Task for the records below: repeat the line containing "Brand: K&N FiltersPart" and every line after it, exactly and with nothing else, but leave out the pictures.
- Opening Delimiter -
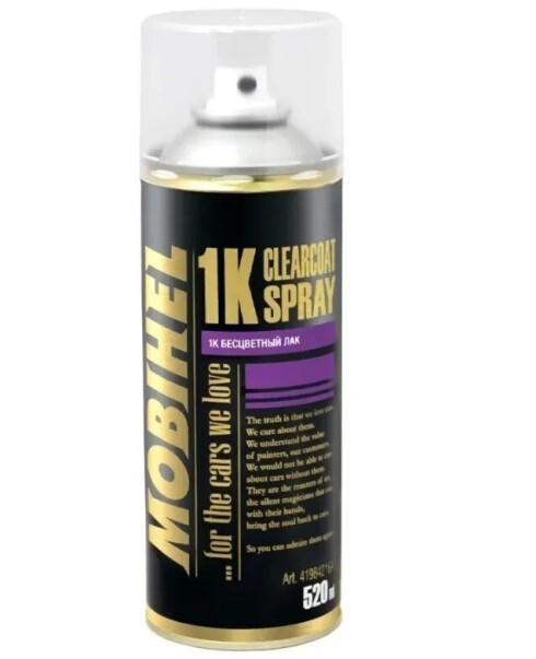Лак спрей 520 мл 1К акриловый бесцветный глянец
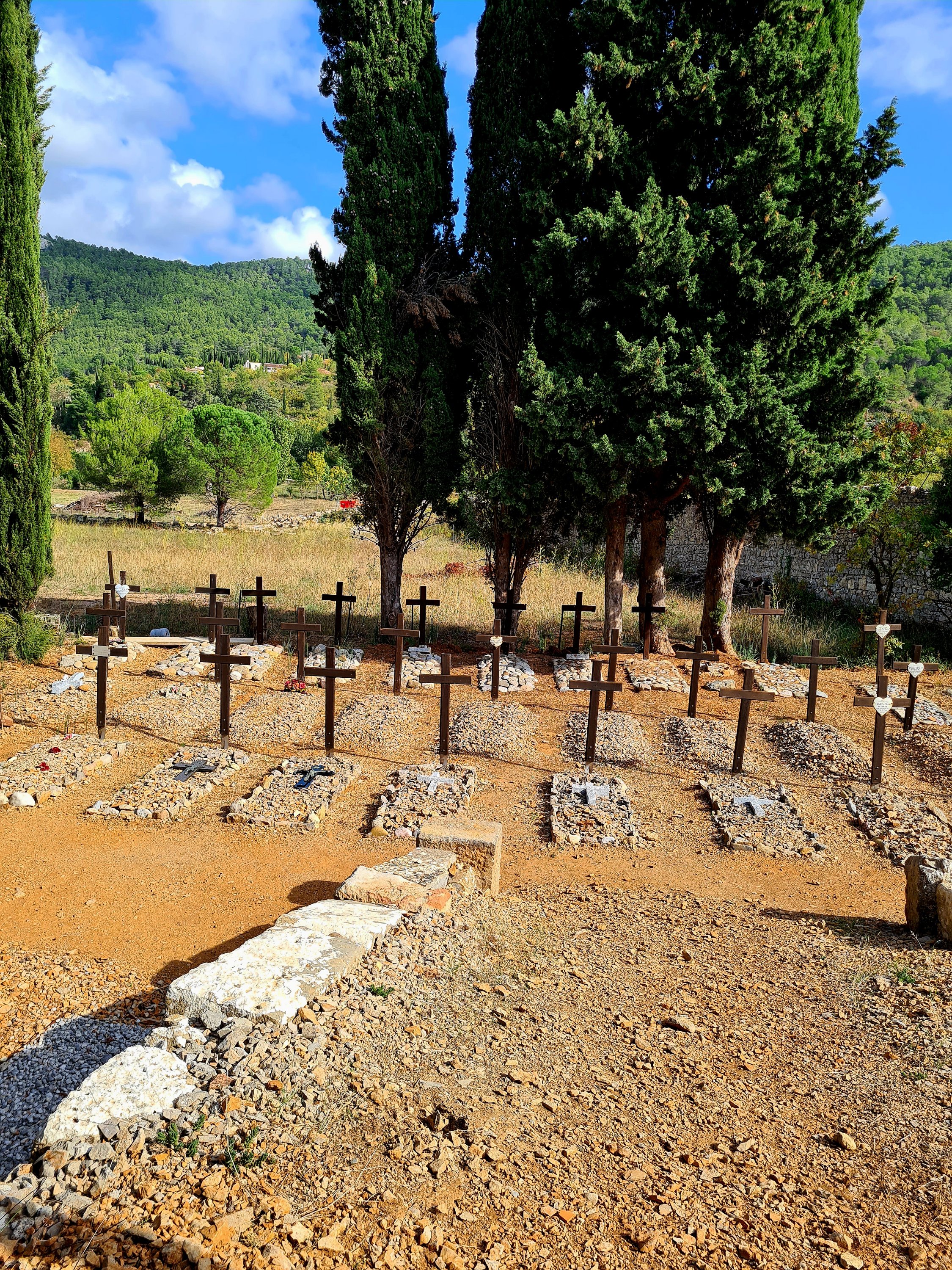 Dabei kommt man am Friedhof der Mönche vorbei, der ohne jeglichen Blumenschmuck ist.
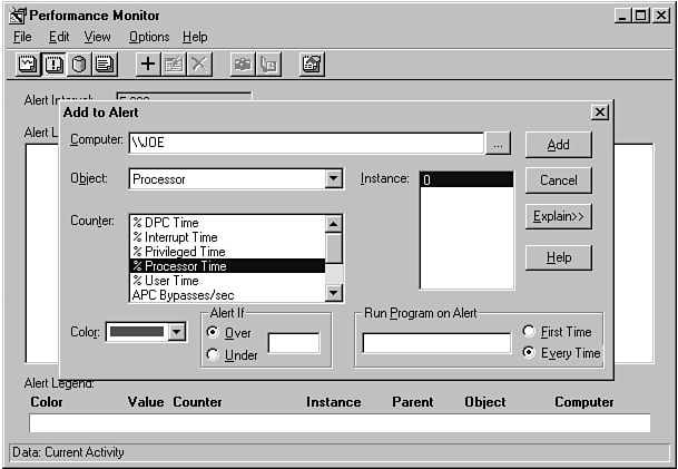 The Performance Monitor is another tool that comes with Windows NT and does not require special configuration or additional software to provide services for multiple computers. The Performance Monitor is built to enable the administrator to select not only the system resource that is to be monitored, but the actual computer system on which the monitoring is to occur. This is useful in that you can have graphs of key actions, such as processor utilization, disk transfer rates, and memory usage running on your personal workstation while you are working on other tasks. Figure 17.10 shows the Add to Alert dialog box you use to select the parameters you want to monitor. The first field in this dialog box is the Computer system name.
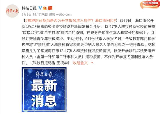 接种新冠疫苗是否为开学报名准入条件?对此,海南海口市回应了!
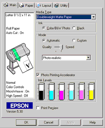 In the Ink box, if you use UltraChrome ink, select Color/B&W Photo to print color, or Black to print a draft or black text only. If you use ColorFast or dye ink, select Color to print in color, or Black to print in black and white.
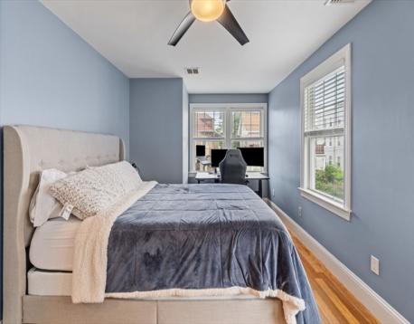 Situated in the heart of Adams Village with approximately 2,100 square feet of living space across four levels, this three-plus bedroom, three and a half-bathroom townhome offers an impressive array of features. The open-concept layout seamlessly integrates the living, dining, and kitchen areas, creating an inviting and versatile space. The primary suite boasts a walk-in closet with custom shelving, plus a skylit en-suite bathroom with dual vanity, soaking tub and separate shower. The finished basement adds additional living space and flexibility, with a built-in entertainment center, bonus room and additional full bathroom. Stainless steel appliances, Nest thermostat, and a whole-house vacuum system contribute to the home's modern amenities, while the two-car parking and private outdoor space provide convenience and enjoyment. The village center location boasts quick access to both Ashmont Station and the highway, in the center of one of Boston’s most desirable walkable neighborhoods.
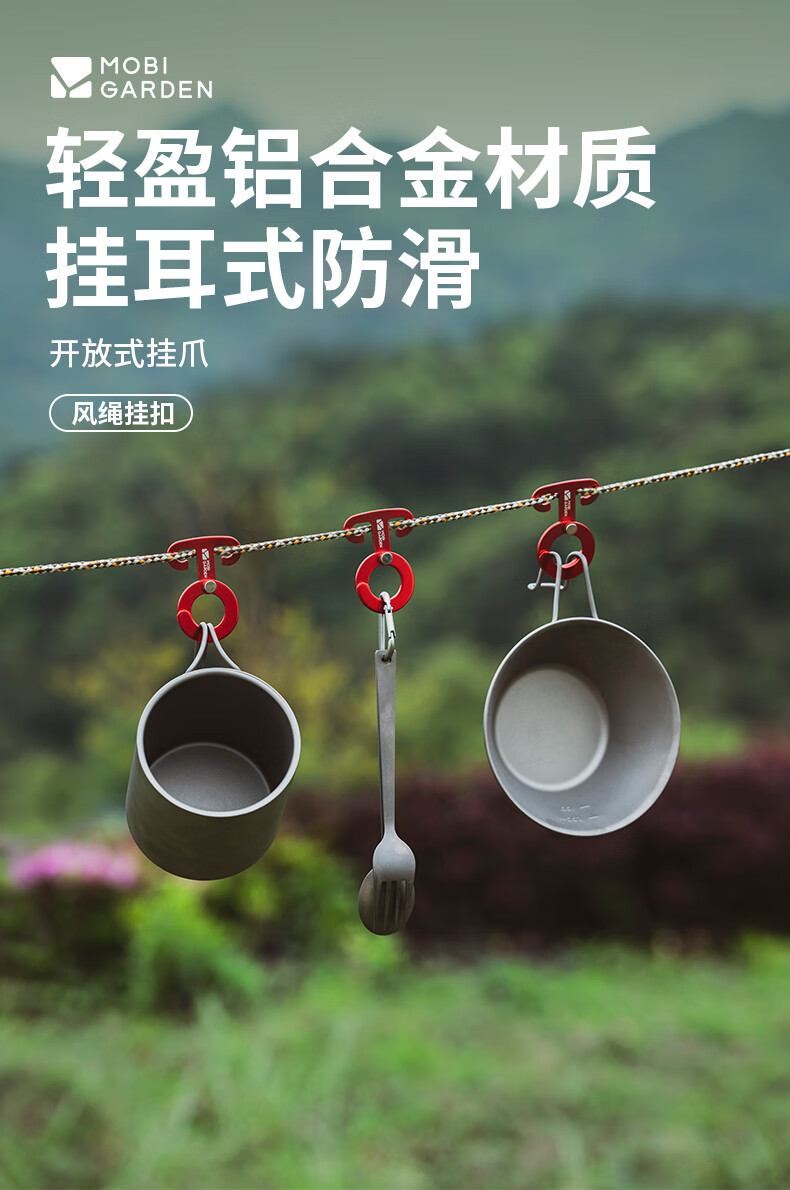 牧高笛(MOBIGARDEN)风绳挂扣 户外露营挂耳式风绳挂扣多功能挂钩 旭日红(1包)
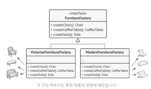 - AbstractFactory = FurnitureFactory 인터페이스
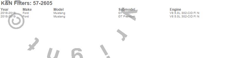 Brand: K&N FiltersPart Number: 57-2605Air Intake Kit Type: Not Flanged - Red Air Filter - Natural Clamp - Stainless Steel Clamp - Incl. Mass Air Flow Sensor Adapter When RequiredUPC: 024844371485
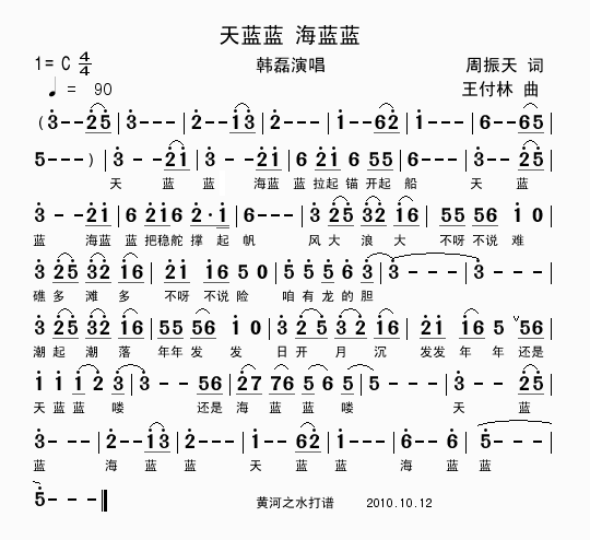 关于《天蓝蓝 海蓝蓝》曲谱的评论
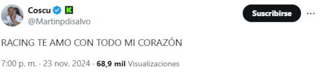 El reconocido streamer y youtuber Martín Pérez Disalvo, mejor conocido como Coscu, publicó en su cuenta oficial de X: “Racing, te amo con todo mi corazón”. “Costas se lo merece tanto. Cómo vas a sentir tanto el escudo, hermano. Te amo, viejito. Quédate 3 años más. Te bancaste que te puteen siendo mas hincha que todos. Y nos sacaste campeones. Quédate a vivir ahí, narigón hermoso”, añadió.
- Closing Delimiter -
Response:
 Brand: K&N FiltersPart Number: 57-2605Air Intake Kit Type: Not Flanged - Red Air Filter - Natural Clamp - Stainless Steel Clamp - Incl. Mass Air Flow Sensor Adapter When RequiredUPC: 024844371485
 关于《天蓝蓝 海蓝蓝》曲谱的评论
 El reconocido streamer y youtuber Martín Pérez Disalvo, mejor conocido como Coscu, publicó en su cuenta oficial de X: “Racing, te amo con todo mi corazón”. “Costas se lo merece tanto. Cómo vas a sentir tanto el escudo, hermano. Te amo, viejito. Quédate 3 años más. Te bancaste que te puteen siendo mas hincha que todos. Y nos sacaste campeones. Quédate a vivir ahí, narigón hermoso”, añadió.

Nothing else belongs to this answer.